WHAT THE TASK REQUIRES: Leave out any pictures and transcribe all other data below exactly.

COLLECTED DATA:
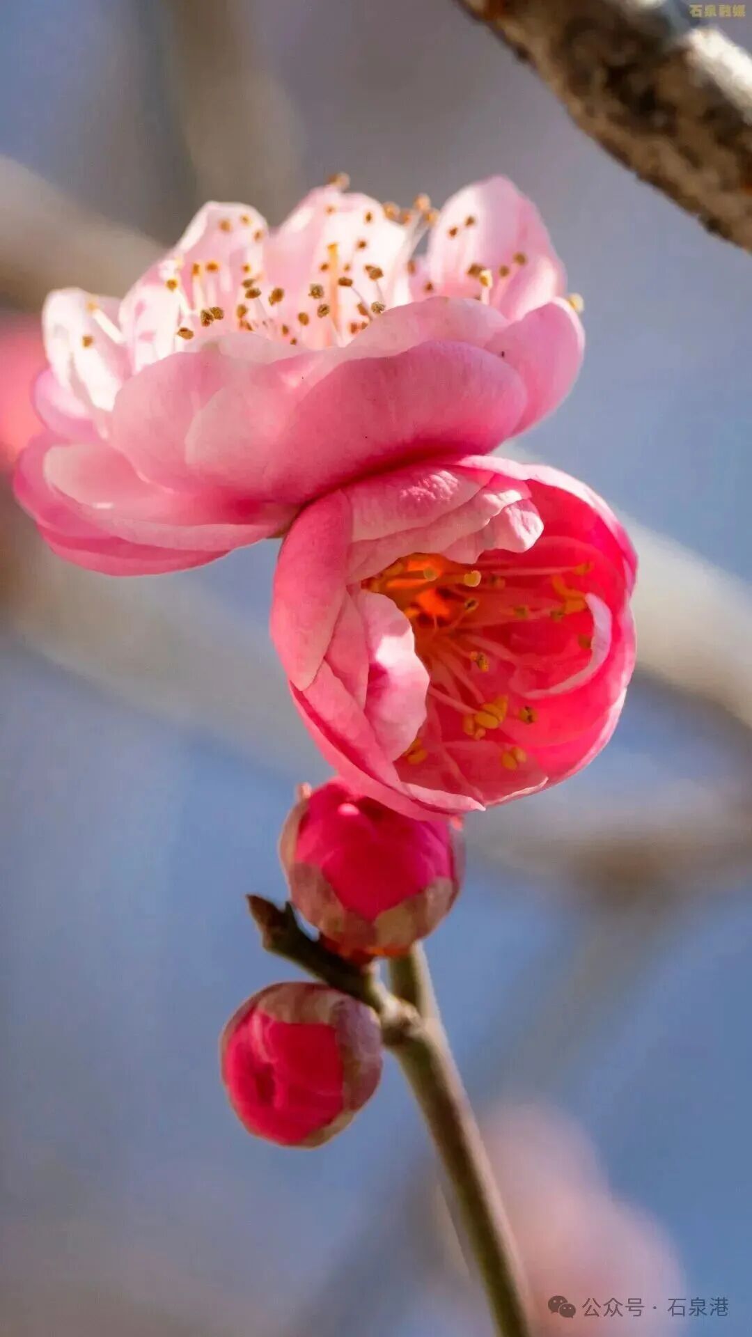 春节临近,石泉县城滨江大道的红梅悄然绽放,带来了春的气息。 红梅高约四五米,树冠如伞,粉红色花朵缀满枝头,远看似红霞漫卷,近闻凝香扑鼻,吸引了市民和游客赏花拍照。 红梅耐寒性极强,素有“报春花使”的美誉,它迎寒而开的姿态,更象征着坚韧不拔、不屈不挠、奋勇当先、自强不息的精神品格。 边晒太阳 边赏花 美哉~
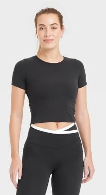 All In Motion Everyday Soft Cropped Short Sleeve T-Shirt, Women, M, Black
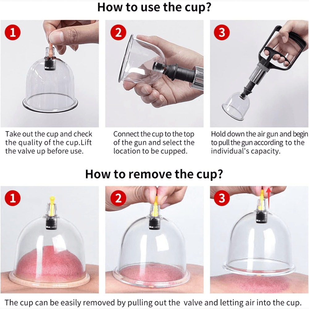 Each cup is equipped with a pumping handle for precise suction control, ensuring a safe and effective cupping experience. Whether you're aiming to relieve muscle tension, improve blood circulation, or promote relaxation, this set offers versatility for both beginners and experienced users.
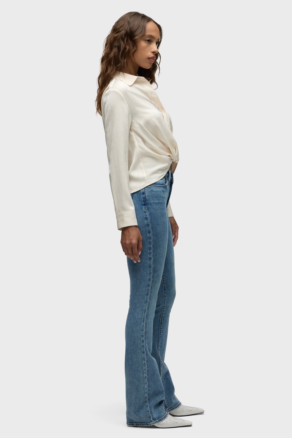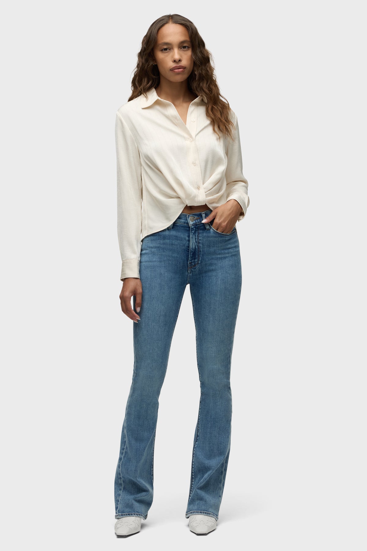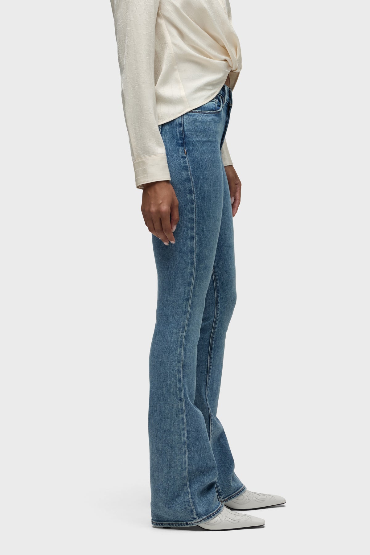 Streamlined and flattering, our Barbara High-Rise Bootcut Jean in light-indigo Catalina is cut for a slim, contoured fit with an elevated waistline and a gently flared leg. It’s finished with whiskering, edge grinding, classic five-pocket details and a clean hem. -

FINAL ANSWER:
 春节临近,石泉县城滨江大道的红梅悄然绽放,带来了春的气息。 红梅高约四五米,树冠如伞,粉红色花朵缀满枝头,远看似红霞漫卷,近闻凝香扑鼻,吸引了市民和游客赏花拍照。 红梅耐寒性极强,素有“报春花使”的美誉,它迎寒而开的姿态,更象征着坚韧不拔、不屈不挠、奋勇当先、自强不息的精神品格。 边晒太阳 边赏花 美哉~
 All In Motion Everyday Soft Cropped Short Sleeve T-Shirt, Women, M, Black
 Each cup is equipped with a pumping handle for precise suction control, ensuring a safe and effective cupping experience. Whether you're aiming to relieve muscle tension, improve blood circulation, or promote relaxation, this set offers versatility for both beginners and experienced users.
 Streamlined and flattering, our Barbara High-Rise Bootcut Jean in light-indigo Catalina is cut for a slim, contoured fit with an elevated waistline and a gently flared leg. It’s finished with whiskering, edge grinding, classic five-pocket details and a clean hem. -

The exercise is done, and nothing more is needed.